As the Internet of Things expands, credit unions are dipping a toe into the wearables space to the point where members of some credit unions can now celebrate their 10,000 daily steps by purchasing items with a swipe of new FitBit and Garmin devices.
“Getting involved in wearable devices comes back to our payment vision to provide payment solutions to our members that are both relevant and intuitive,” said BECU’s Digital Payments Senior Manager of Product Management Nidhi Shandilya. “Wearables payment form factors makes our members’ lives easier.”
BECU and First Tech Federal Credit Union are early adopters of these new wearable devices. Both CUs are supported by CO-OP Financial Services, which offers those technologies as part of a partnership with MasterCard.

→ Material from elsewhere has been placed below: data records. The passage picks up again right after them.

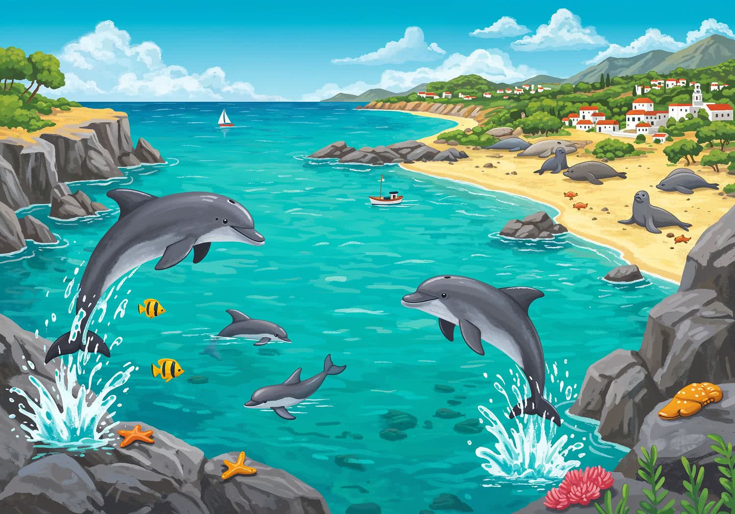 2D vector art: 2D vector art: Create a vibrant, educational illustration in a whimsical style suitable for children and families, depicting the Mediterranean Sea’s coastal wonders in southern Europe. In the foreground, show bottlenose dolphins playfully leaping out of the turquoise waters near rocky cliffs, with a harbor porpoise subtly swimming below. In the background, include monk seals lounging on sunlit rocky shores of a Greek island like Crete, and a few Antarctic fur seals on a sandy beach, surrounded by clear blue seas, olive trees, and distant whitewashed villages under a bright sunny sky. Emphasize themes of marine life, territories, and conservation with subtle elements like fish schools, sea grass meadows, and protective bubbles or sounds visualized as wavy lines. Use warm colors like blues, golds, and greens to evoke the Mediterranean climate, in a detailed yet approachable digital art style. 2D vector art, cute whimsical cartoon style, for children’s books,
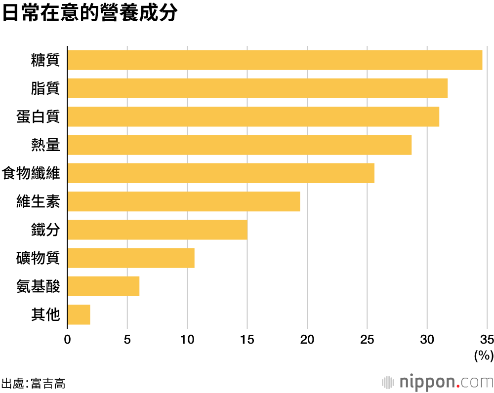生產昆布和煮豆等加工食品的富吉高(FUJICCO)公司通過線上方式,就如何挑選食物的問題,對520名20到69歲民眾實施了一次問卷調查。關於日常在意的營養成分,選擇「糖質」的受訪者最多,占比為34.6%,其次是「脂質」(31.7%)、「蛋白質」(31.0%)。
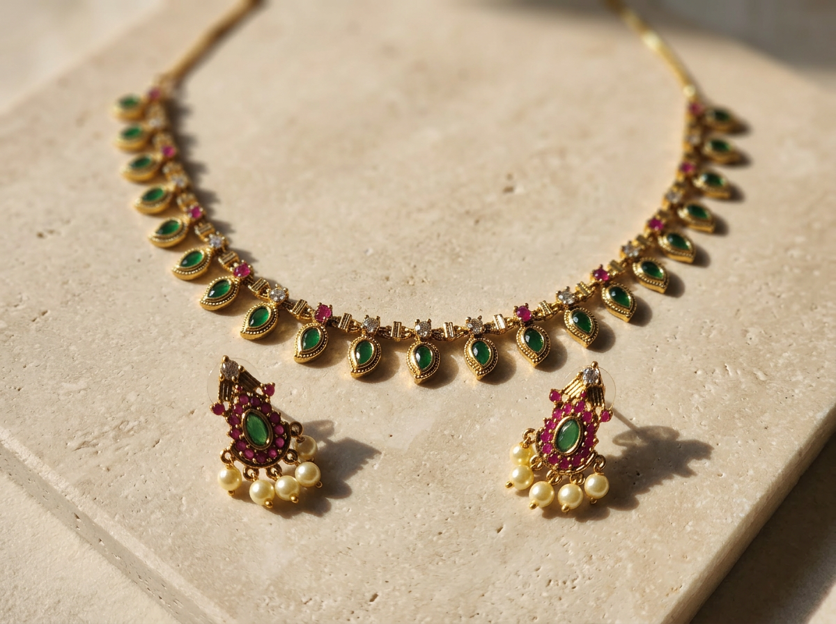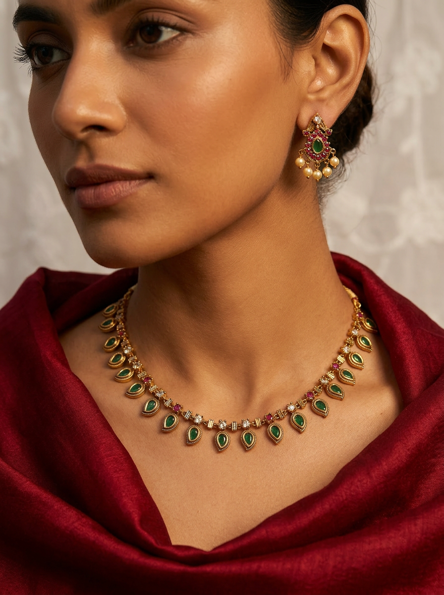 ?Elevate your jewelry collection with the Pretty Paisley Set. This exquisite ensemble features a gold-plated necklace adorned with vibrant, pear-cut faux emeralds and ruby-red accents, perfectly complemented by ornate drop earrings. Inspired by classic paisley motifs, this set blends royal elegance with handcrafted detail, making it an essential statement piece for weddings and festive celebrations.
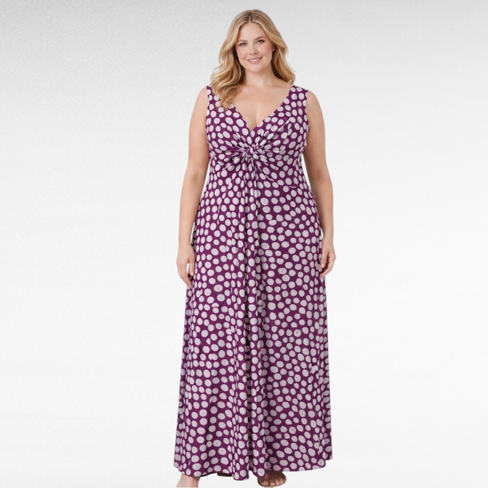 Violettipohjainen hihaton ”GRACE” maksimekko, jossa kaunis valkoinen pilkkukuvio. Tämä naisellinen mekko on suunniteltu erityisesti pidemmälle vartalolle ja valmistettu laadukkaasti Englannissa.

“We are helping credit unions work with partners that may otherwise be out of reach. Digital wallet enrollment is a process we have fine-tuned since the early days of Apple Pay,” said Todd Clark CEO of the Rancho Cucamonga, Calif.-based CO-OP Financial Services CEO Todd Clark.

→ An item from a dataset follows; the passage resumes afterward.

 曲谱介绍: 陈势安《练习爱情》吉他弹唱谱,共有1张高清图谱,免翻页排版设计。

“Wearable payments – whether made from a watch, a jacket, a pair of sunglasses – they are powered by a digital wallet,” said Clark. “That’s a really important clarification because some credit unions will hear ‘wearables’ and dismiss it as technology too advanced for their current capabilities.”
First Tech Federal Credit Union’s Vice President of Cards & Payments Terry Rodrick explained that the CU has been involved with Apple Pay since 2015. Since then, First Tech FCU has rolled out other digital wallets including Android Pay and Samsung Pay.

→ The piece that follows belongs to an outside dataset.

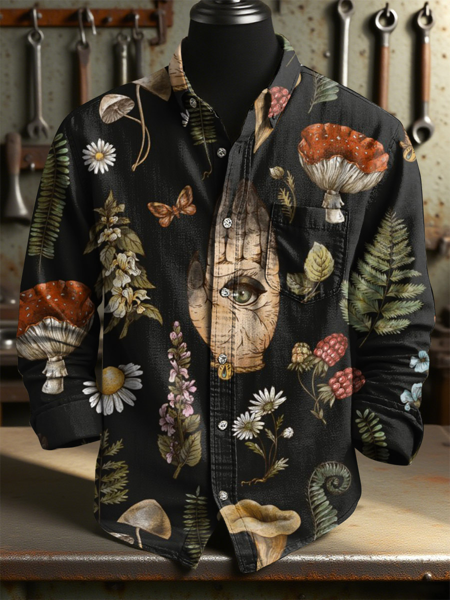 Vintage Mysterious Fantasy Mushroom Art Print 100% Cotton Long Sleeve Shirt
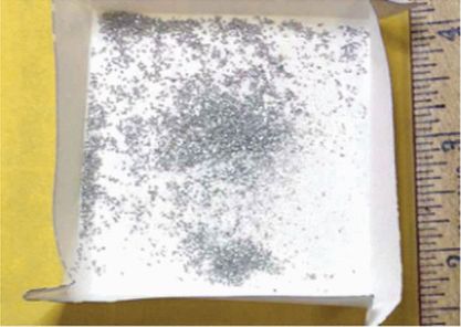 рисунке E.12 показан собранный материал шариков припоя. Однако образец, собранный с использованием такой процедуры удаления вручную, не мог рассматриваться как "гомогенный" материал шариков припоя, поскольку он содержал другие материалы (такие как флюс, фрагменты основы), полученные в ходе процедуры разделения.

“When MasterCard approached us a few months ago about participating in the pilot for the Fitbit and Garmin payment devices, we were eager to do so,” said Rodrick.
The $10.6 billion Mountain View, Calif.-based First Tech supports over 488,000 members, 302,000 who are active online banking users and 117,000 who are active mobile users.
“We anticipate that we’ll see five percent of our member base utilizing wearable payment devices in 2017, and possibly seven to 10 percent in 2018,” said Rodrick. “However, we won’t hit 10 percent unless merchant acceptance becomes more ubiquitous and the device costs come way down.”
After a period of beta testing to ensure payments were quick and seamless, the Tukwila, Wash.-based BECU was go live this month with payments capabilities for the FitBit Ionic and Garmin Vivoactive 3, both of which retail for $299.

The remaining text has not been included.